Where is Folium Studio based?
County Down, Northern Ireland. Folium Studio works with clients anywhere; the working time zone is Europe/London (GMT/BST).
Hasn't this studio had other names — CreativeHAND, PigeonHUT?
Yes. The web-design practice started as CreativeHAND in 1998; a hosting arm, PigeonHUT, followed around 2002. Through the 2010s both ran together from Belfast. Today the design work is Folium Studio and the hosting is hosting.io, both based in County Down — same person, same twenty-eight years, just the current names.
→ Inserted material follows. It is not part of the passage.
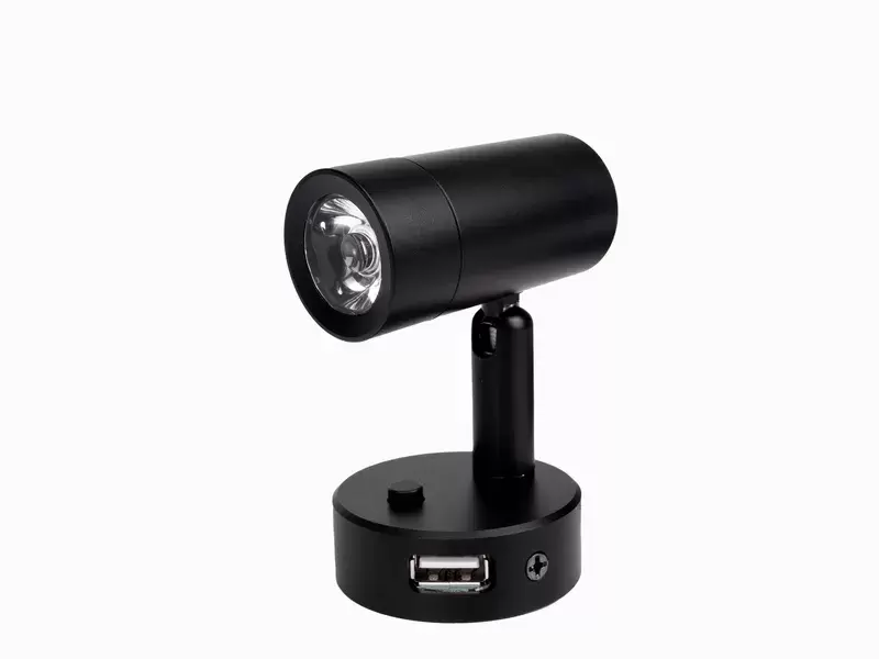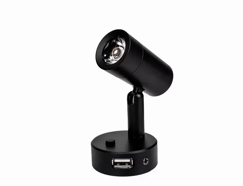 Mini candeeiro Led 12V interior Satin Black com tomada USB mais interruptor, caravanas, autocaravanas e autocaravanas. - Ref. 83611

Can I speak to the person who will build my site?
Yes — there is no one else to speak to. Use the contact form below and replies usually land within working hours, often the same hour. No account manager, no intake form, no helpdesk software in the loop.
What proof is there that the AI-visibility work works?
The clearest live example is Miabella, a Northern Irish musician (disclosure: Jody's daughter) whose one-word name collides in search with a Canadian artist called Mia Bella and with Scottish singer Nina Nesbitt. Writing the structured data correctly is what disambiguated her in search and AI answers.